Supplied data:

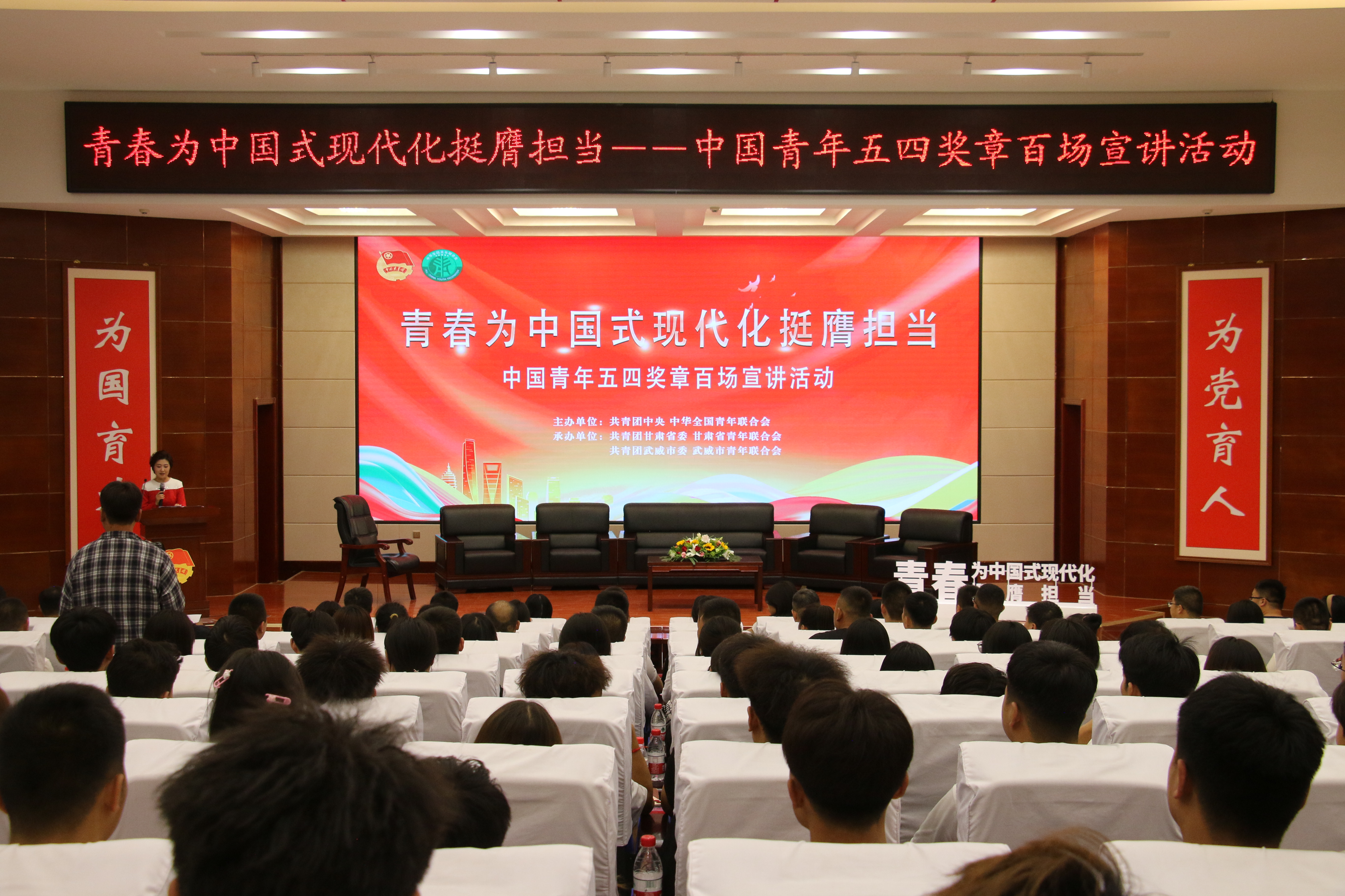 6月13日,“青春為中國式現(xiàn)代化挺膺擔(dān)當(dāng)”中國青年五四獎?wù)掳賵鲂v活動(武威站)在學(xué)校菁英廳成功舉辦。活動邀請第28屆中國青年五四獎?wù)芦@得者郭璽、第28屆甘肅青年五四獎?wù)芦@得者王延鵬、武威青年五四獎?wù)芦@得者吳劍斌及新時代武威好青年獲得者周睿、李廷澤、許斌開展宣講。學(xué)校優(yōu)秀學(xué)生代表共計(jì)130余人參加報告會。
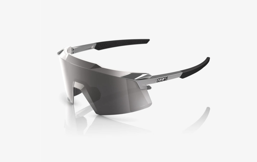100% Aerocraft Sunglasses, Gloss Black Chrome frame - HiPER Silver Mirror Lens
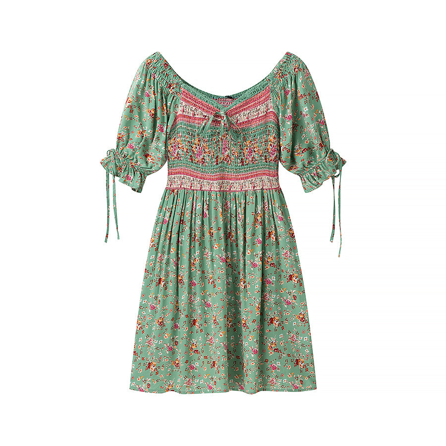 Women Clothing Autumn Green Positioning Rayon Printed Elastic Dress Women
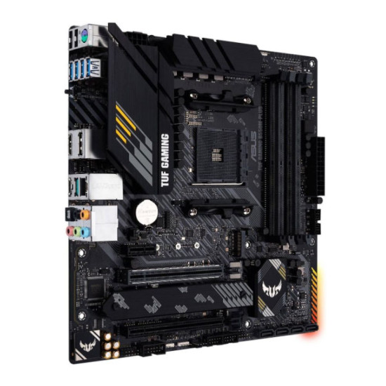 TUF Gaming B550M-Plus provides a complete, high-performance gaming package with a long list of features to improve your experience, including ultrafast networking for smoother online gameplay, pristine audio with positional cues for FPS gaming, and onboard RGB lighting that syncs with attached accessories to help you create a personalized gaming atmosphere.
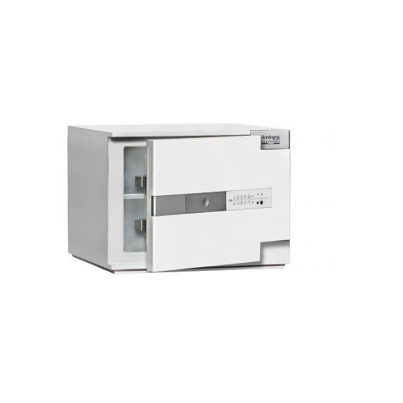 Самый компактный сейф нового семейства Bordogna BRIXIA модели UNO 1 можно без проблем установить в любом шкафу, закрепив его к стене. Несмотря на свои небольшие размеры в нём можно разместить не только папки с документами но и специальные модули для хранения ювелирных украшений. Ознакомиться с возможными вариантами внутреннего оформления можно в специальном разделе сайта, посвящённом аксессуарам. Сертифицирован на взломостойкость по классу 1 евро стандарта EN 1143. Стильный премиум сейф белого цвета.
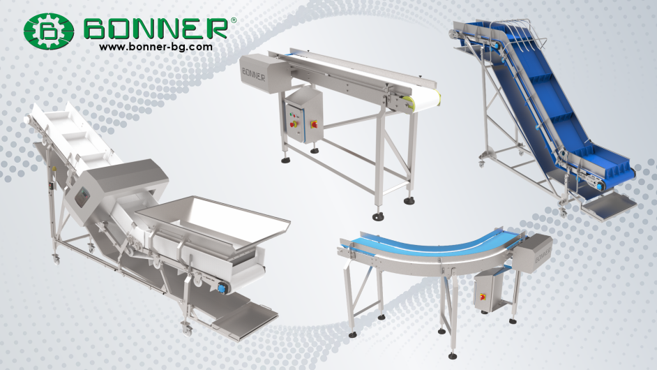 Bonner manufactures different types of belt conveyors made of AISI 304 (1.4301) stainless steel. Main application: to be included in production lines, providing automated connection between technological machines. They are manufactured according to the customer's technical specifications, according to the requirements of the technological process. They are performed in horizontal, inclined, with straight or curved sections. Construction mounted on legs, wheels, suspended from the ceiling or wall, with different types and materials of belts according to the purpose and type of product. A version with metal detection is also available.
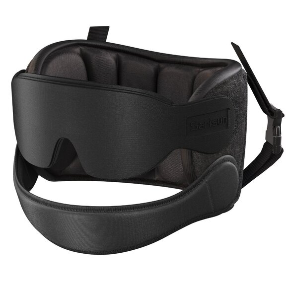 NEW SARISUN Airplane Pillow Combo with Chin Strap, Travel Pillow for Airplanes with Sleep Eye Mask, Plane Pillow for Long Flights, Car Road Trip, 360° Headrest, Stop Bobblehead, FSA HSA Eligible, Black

* * *

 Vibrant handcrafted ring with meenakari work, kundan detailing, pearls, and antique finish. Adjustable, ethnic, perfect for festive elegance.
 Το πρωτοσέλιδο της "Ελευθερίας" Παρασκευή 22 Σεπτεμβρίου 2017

* * *

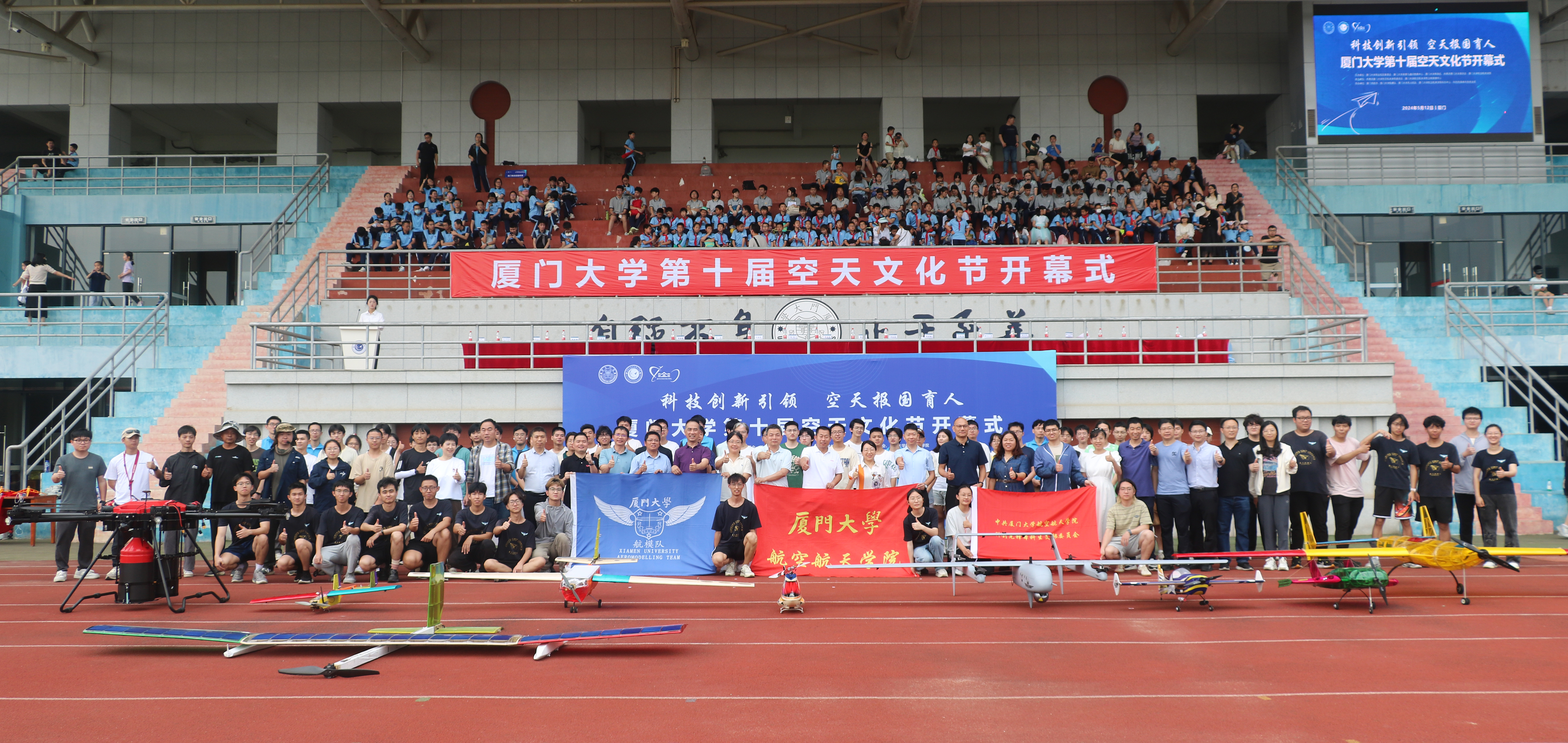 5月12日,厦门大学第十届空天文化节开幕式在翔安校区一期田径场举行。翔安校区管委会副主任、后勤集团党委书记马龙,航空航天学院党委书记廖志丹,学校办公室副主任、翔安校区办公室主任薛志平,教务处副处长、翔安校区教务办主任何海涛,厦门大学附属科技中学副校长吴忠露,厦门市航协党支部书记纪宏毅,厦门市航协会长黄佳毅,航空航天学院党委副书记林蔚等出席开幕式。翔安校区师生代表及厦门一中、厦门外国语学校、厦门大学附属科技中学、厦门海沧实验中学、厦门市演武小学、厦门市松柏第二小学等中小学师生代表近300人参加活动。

Required work: Among the entries above, take the lines from the one with "100% Aerocraft Sunglasses, Gloss" through the one with "Самый компактный сейф" and retype them exactly, leaving out the pictures.

Response box:
100% Aerocraft Sunglasses, Gloss Black Chrome frame - HiPER Silver Mirror Lens
 Women Clothing Autumn Green Positioning Rayon Printed Elastic Dress Women
 TUF Gaming B550M-Plus provides a complete, high-performance gaming package with a long list of features to improve your experience, including ultrafast networking for smoother online gameplay, pristine audio with positional cues for FPS gaming, and onboard RGB lighting that syncs with attached accessories to help you create a personalized gaming atmosphere.
 Самый компактный сейф нового семейства Bordogna BRIXIA модели UNO 1 можно без проблем установить в любом шкафу, закрепив его к стене. Несмотря на свои небольшие размеры в нём можно разместить не только папки с документами но и специальные модули для хранения ювелирных украшений. Ознакомиться с возможными вариантами внутреннего оформления можно в специальном разделе сайта, посвящённом аксессуарам. Сертифицирован на взломостойкость по классу 1 евро стандарта EN 1143. Стильный премиум сейф белого цвета.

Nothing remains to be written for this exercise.